The coach in me assigned myself a year of reflection that I chose to do on the 21st each month. The assignment happened organically. I started writing monthly and then I committed to the structure as part of my own development as a person. In a way, because I am old enough and practical, I wanted to also learn how to grieve.
Yesterday felt like a year to me. From Tuesday to Tuesday in the 3rd week of March. But by the calendar today marks a year anniversary of our mother's passing.
Why was the acceptance process so important?
When I finally begun to comprehend the diagnosis and my mother’s choices in 2009, I would have been reckless in my approach to my emotions and even grieving. It was through my realization and reconciliation with the diagnosis that I came to terms with being reckless was all that I knew. But, sometime in the early fall of 2009, I realized that our mother wasn’t dead yet, nor was the world ending, and to quote the unforgettable Hyo herself “Well, enough now. Life goes on.” She was living and I was a hot mess.
A process for grieving.
A Year of Living, by Stephen Levine could not have entered my life at a better time. It was offered to us as extra reading in our coach’s library. Boy, that unassuming slender paperback took me the whole summer to get through. It was about choosing how to live through the last year of life with your loved ones. Hot mess was not the only way!

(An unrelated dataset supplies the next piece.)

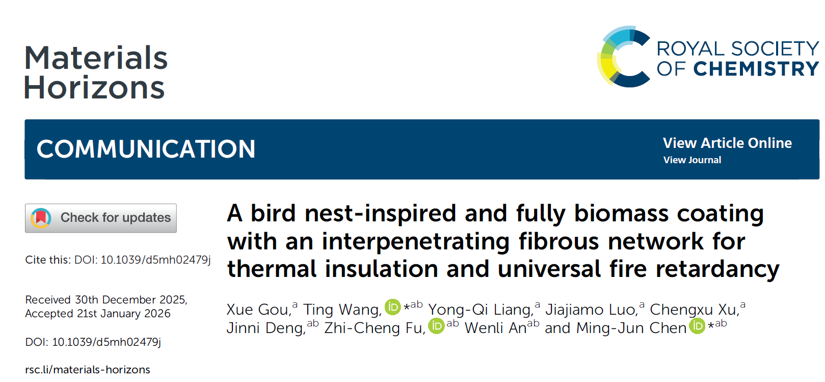 针对传统保温材料在阻燃改性恶化力学性能和保温性能的矛盾问题,且传统阻燃涂层与基材粘结力弱,易导致涂层剥离丧失阻燃性的难题,课题组受鸟类筑巢行为的启发,通过绿色多基团协同策略构建了一种不含传统阻燃元素的全生物质基防火涂料,实现了"一石多鸟"的效果。其中,没食子酸通过π-π堆积超分子纤维聚集体,模拟结构“细枝”;壳聚糖则通过复制“唾液”的粘合功能增强内聚力,两者组装形成具有纳米孔洞的互穿网络微结构。涂覆到聚氨酯硬泡上,其能赋予材料优异的隔热性能(24.85 mW·m-1k-1)和力学性能(压缩模量9.37 MPa)。得益于丰富的界面粘附基团和增强的内聚力,该涂层对多种基材均表现出强附着力。此外,脱羧/碳化过程与酚羟基自由基捕捉能力的协同作用,使材料具有膨胀阻燃行为和广谱阻燃特性。这项工作为开发具有巨大应用潜力的多功能阻燃涂料建立了一种简便环保的设计策略。

Although there are many, many things that come to the surface as I imagine they will continue to from time to time, there is one that still baffles me.
Mummy never took her stuff with her.
I know it sounds funny but my mother in my experience treasured the sweetness and the relationships in her life through her writing, books and reading, and the things she had “worked hard for in this life.” So although she had said innumerable times, beginning in the 80’s, that “she’d never seen a hearse pulling a U-haul.” A statement in itself that coupled with her laughter could get the whole family to fall out, teeth outside, teary with belly laughs, I still kind of thought she would have taken some of her most precious things somehow.
Her stuff actually helped a couple of weeks ago upon my first visit back home since her passing. Getting reacquainted with what was left behind in the way that my sister and Dad have tastefully integrated those things into life was good. My sister In Toronto is slowly purging and had a large box of laundered and folded clothes ready for pick up by a local charity. Hyo herself would have said “Girl or my child or Deeeeleeyah, life goes on.”
It’s an odd thing death. It makes no sense and then it makes all the sense in the world if there is suffering.
God blessed me with this forum for conversation and for commitment.
Thank you so much for being a part of all that was shared. It is clearest to me now that we always love our departed ones, they always live, and the choice for them to live on or not is part of our own experience.
I miss my old mother and all of her younger selves that I knew. In our Guyanese lingo, like I hearin’ she(her) now, "Life Goes On."
P.S. Thanks to Cheryl Reyes for her animated representation of an older HG, Hyo, Mummy, Cynthie, and Hyacinth Grenville.